Twitter has atleast 4600 tweets/sec in year 2012 and doubles every year.
04:00 Topic Extraction
We need to parse the entire tweet in different ways.
so we tokenize the tweet based on any method we want. Next we count the frequency of each word.
This could be maintained in a hash table and we could just count and show the trending topic based on that. But for stopwords and generic words that won’t be a good idea.
We maintain a dictionary of stopwords and remove these word but then this would be a very big list and difficult to include all possible word as well.
Basically ww analyze the rate of change of data over a topic count over a period of time like a month. We can use the z-score for that.
Suppose a topic is being twitted about a high number of times for past few days.
What’s important is to maintain a threshold. Whatever happens need to maintain that. Suppose a topic is new, so before that it’s frequency was zero and soon it being tweeted like anything. so although it’s rate of change is the highest we will maintain a threshold and not show it to the top directly. Like we will show a trending topic only if it’s present count is more then 10,000.
We also need to take into consideration the authority of the user like if they have a lot of follower.

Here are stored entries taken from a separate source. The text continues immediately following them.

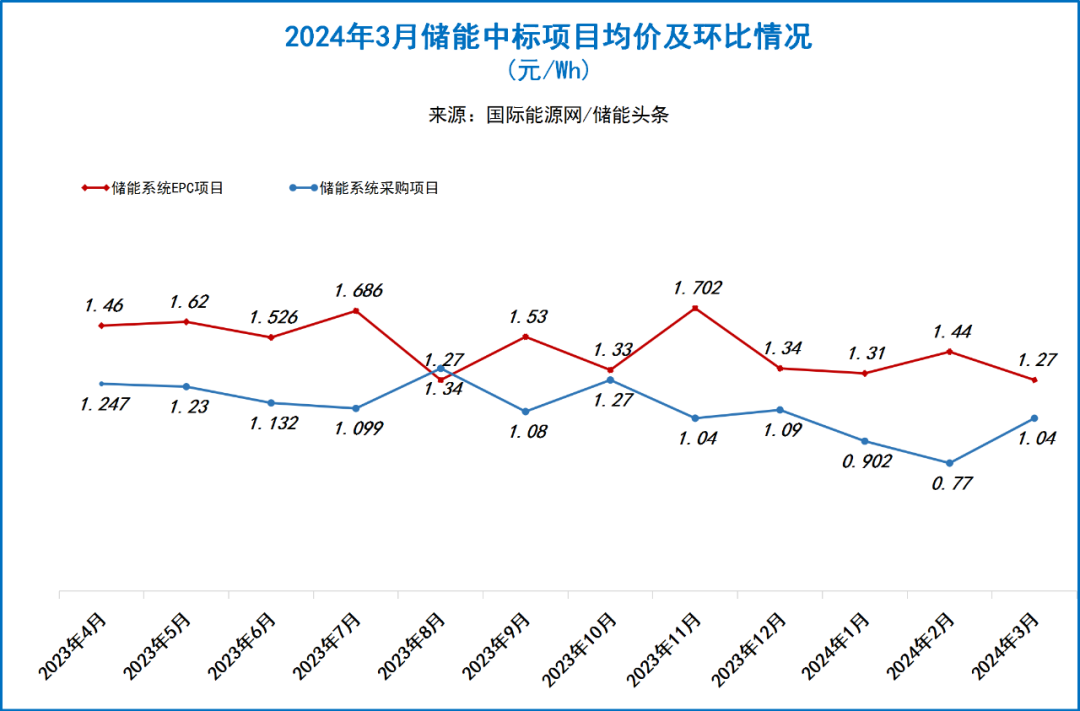 从中标结果来看,3月份储能系统采购均价在1.04元/Wh左右,相比上月价格略微上涨;储能系统EPC的均价为1.27元/Wh,比上月有所下滑。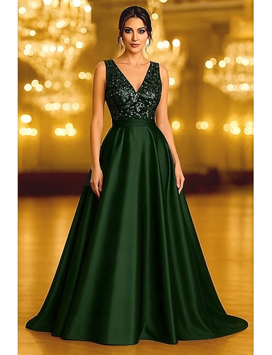 Tubino Colonna Lunghezza al pavimento Abiti da Ballo Abito da Sera Da principessa Abito formale Elegante Brillanti Senza Maniche Scollo a V Matrimonio Formale Con Paillettes con Pieghe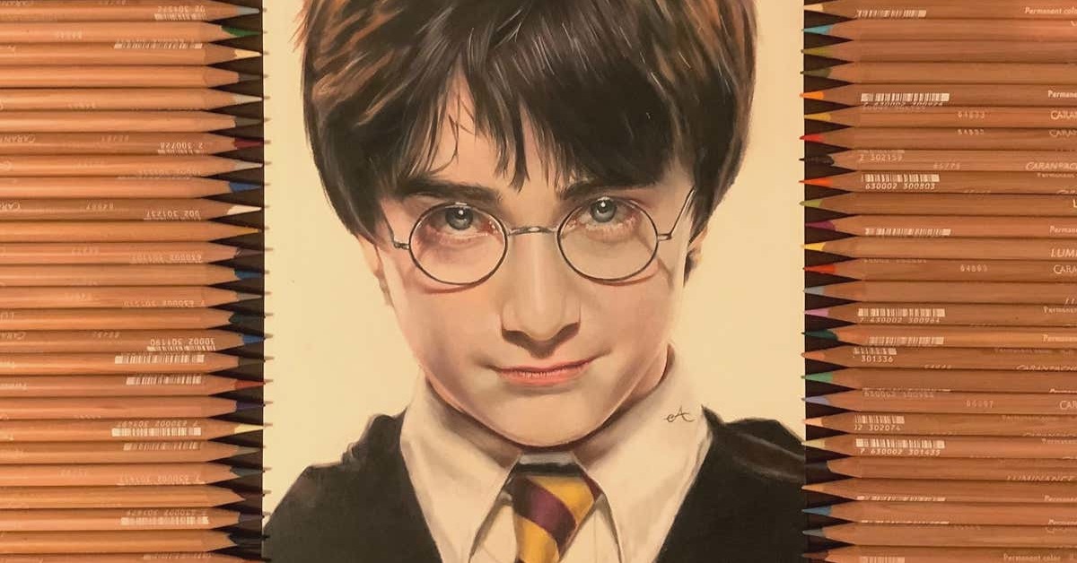色鉛筆で描かれたハリー・ポッターが、どこから見ても写真や油絵にしか見えません。描いた人の技能とセンスに100点満点をあげたい!

So the count of a term will be considered along with the follower for a user who tweeted it.
Many tweets have words that are similar in meaning, are mis-spelled, are short form – so would also want to cluster all those topic together.
chi-square will give a score based on the previous count for a topic, which basically shows the variation. chi-square is a better test then simple ratio as it considers the range of variation.
chi-square is a variation b/w the expected data and the observed data.